_Problem requirements_
Transcribe the records word for word, beginning with the first line and ending with the line that contains "Betontechnoloog meet de"; include nothing else.

##########

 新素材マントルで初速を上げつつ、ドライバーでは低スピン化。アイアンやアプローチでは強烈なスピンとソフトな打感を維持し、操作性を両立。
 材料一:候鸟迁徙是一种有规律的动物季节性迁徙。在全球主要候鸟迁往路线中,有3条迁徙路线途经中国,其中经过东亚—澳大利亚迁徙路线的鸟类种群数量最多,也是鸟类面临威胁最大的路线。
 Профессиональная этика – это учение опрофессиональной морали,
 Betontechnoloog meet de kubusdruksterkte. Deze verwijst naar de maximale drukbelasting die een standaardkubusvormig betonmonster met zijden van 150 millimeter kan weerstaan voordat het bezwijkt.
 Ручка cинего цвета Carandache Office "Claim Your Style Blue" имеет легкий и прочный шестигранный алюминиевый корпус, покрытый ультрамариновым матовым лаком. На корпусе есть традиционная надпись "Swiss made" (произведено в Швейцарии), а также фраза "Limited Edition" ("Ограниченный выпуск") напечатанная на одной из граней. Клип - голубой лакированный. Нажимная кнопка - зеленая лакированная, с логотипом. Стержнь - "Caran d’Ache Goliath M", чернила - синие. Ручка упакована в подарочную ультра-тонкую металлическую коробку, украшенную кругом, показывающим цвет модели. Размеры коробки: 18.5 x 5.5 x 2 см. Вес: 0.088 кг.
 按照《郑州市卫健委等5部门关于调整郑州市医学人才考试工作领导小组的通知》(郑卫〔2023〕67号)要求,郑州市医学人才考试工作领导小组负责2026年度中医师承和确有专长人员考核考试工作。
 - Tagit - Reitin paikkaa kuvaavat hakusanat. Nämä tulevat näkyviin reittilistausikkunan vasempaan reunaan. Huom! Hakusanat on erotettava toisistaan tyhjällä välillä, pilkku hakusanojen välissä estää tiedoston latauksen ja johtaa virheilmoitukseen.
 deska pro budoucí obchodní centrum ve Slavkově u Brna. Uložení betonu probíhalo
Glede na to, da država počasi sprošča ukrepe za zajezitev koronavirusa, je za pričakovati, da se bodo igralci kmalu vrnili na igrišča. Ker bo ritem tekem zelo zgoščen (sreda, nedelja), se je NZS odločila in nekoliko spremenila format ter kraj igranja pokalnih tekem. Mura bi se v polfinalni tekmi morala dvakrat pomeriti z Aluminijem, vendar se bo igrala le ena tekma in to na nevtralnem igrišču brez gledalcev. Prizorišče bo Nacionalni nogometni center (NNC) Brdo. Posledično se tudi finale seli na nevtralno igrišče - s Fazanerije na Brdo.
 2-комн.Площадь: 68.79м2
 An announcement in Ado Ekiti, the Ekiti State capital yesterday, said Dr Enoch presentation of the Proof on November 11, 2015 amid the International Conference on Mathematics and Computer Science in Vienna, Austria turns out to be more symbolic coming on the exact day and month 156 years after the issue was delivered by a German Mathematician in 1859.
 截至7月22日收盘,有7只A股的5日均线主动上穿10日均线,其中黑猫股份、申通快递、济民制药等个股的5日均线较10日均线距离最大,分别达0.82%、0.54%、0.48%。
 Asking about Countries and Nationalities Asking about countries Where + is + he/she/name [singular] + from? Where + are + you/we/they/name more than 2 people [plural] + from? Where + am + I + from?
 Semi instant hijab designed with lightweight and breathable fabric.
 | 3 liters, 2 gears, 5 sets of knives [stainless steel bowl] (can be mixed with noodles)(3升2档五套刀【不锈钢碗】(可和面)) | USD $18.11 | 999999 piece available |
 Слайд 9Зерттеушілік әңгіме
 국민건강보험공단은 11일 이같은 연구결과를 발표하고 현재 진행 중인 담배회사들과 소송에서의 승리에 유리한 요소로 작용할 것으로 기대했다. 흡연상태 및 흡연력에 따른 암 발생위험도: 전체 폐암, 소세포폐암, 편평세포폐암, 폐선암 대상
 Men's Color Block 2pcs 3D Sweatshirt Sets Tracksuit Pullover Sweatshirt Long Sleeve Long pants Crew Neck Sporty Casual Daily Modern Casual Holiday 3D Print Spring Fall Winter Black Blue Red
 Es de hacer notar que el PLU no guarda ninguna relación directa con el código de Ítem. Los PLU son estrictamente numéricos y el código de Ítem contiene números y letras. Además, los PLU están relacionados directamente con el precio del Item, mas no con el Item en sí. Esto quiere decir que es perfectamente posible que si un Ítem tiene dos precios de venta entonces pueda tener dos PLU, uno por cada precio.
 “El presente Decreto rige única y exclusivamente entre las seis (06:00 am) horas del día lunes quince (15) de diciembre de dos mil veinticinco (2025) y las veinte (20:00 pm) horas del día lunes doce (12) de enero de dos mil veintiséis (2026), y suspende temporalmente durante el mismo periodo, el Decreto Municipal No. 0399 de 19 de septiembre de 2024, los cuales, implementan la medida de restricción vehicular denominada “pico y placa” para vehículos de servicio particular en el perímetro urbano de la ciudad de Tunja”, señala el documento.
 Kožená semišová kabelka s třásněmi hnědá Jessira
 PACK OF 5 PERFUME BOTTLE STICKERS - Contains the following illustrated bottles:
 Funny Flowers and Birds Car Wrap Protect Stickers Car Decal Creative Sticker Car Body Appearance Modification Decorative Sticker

##########

_Solved problem_
 新素材マントルで初速を上げつつ、ドライバーでは低スピン化。アイアンやアプローチでは強烈なスピンとソフトな打感を維持し、操作性を両立。
 材料一:候鸟迁徙是一种有规律的动物季节性迁徙。在全球主要候鸟迁往路线中,有3条迁徙路线途经中国,其中经过东亚—澳大利亚迁徙路线的鸟类种群数量最多,也是鸟类面临威胁最大的路线。
 Профессиональная этика – это учение опрофессиональной морали,
 Betontechnoloog meet de kubusdruksterkte. Deze verwijst naar de maximale drukbelasting die een standaardkubusvormig betonmonster met zijden van 150 millimeter kan weerstaan voordat het bezwijkt.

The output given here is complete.